John Grisham wrote “The Tumor,” a book about the potential for focused ultrasound, to raise awareness of the technology. In a year, more than 800,000 copies were distributed.
In 2019, the audiobook version of the book was released, pushing the number of total books distributed over 1 million.
Insightec's Exablate Neuro device is approved to treat essential tremor in the US and Canada. The Centers for Medicare and Medicaid Services subsequently assigned the procedure a payment level, the first step toward Medicare reimbursement.

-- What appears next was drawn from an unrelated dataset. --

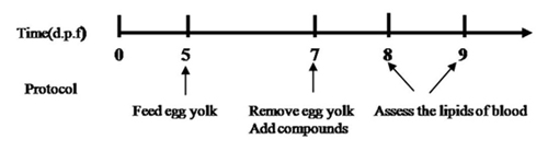 评价一个候选药物降血脂药效的实验周期不到10天,包括了斑马鱼繁殖、诱导建模和药物处理整个过程,如下图所示。
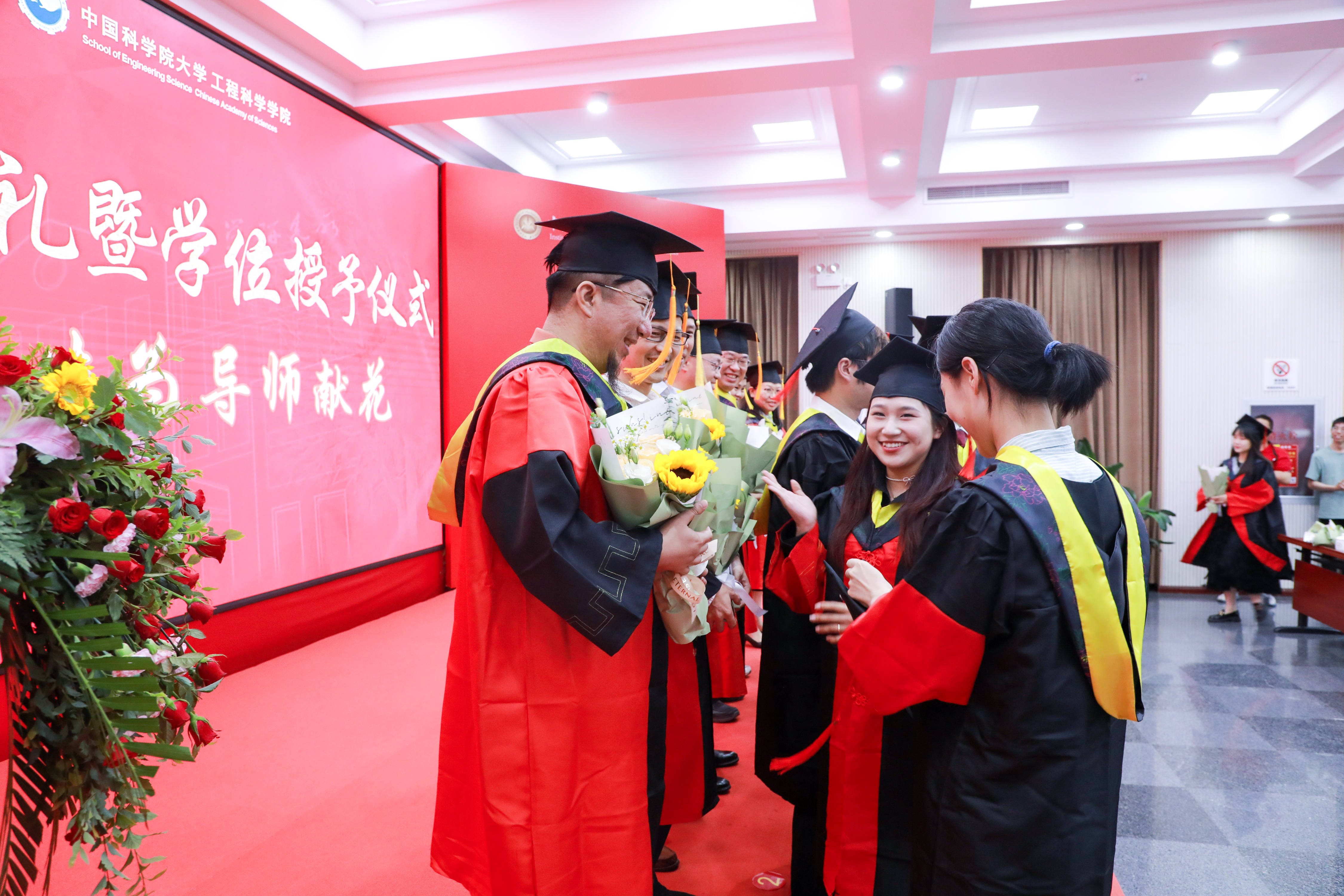 毕业生还为导师们献上鲜花,表达对导师的感激之情。

A team at Nicklaus Children's Hospital in Miami, Florida, treated the first patient in a pediatric and young adult brain tumor study.
The Focused Ultrasound Foundation partnered with the Cancer Research Institute to futher focused ultrasound and immunotherapy combination approaches to treat cancer. The pair funded their first joint project in 2018.
The first clinical trial combining focused ultrasound with an immunotherapy drug began for patients with metastatic breast cancer at the University of Virginia.
A first-in-human clinical trial – the “THERESA” study – took place at three sites in Barcelona, Spain, under the direction of Joan Vidal-Jové, MD, PhD, Head of Focused Ultrasound Ablation Oncology at Barcelona University Hospital.
The first clinical trial demonstrating local drug delivery using focused ultrasound and temperature sensitive liposomes was performed in Oxford and published in Lancet Oncology in 2018.
A multisite clinical trial to treat the motor symptoms of Parkinson’s disease began at Weill Cornell in New York.
University of Maryland researchers began the first US trial to open the blood-brain barrier in brain tumor patients.
On December 18, 2018, Insightec's Exablate Neuro device earned approval from the US Food and Drug Administration (FDA) to treat patients with tremor-dominant Parkinson’s disease.
French device manufacturer CarThera published the results from its Phase I/IIa clinical trial using the SonoCloud-1 ultrasound implant to open the blood-brain barrier (BBB) prior to carboplatin chemotherapy in patients with recurrent glioblastoma (GBM).
Nature Communications published the findings of a clinical trial at Sunnybrook Health Sciences Centre in Toronto to assess the feasibility and safety of using focused ultrasound in patients with amyotrophic lateral sclerosis (ALS). The results showed it is possible to safely use MR-guided focused ultrasound to temporarily and reversibly open the blood-brain barrier (BBB) in patients with ALS.
Profound Medical’s TULSA-PRO® device earned US Food and Drug Administration (FDA) approval to ablate prostate tissue. This is the first transurethral ultrasound device approved in the US, and it allows physicians to predictably ablate whole-gland or partial prostate tissue.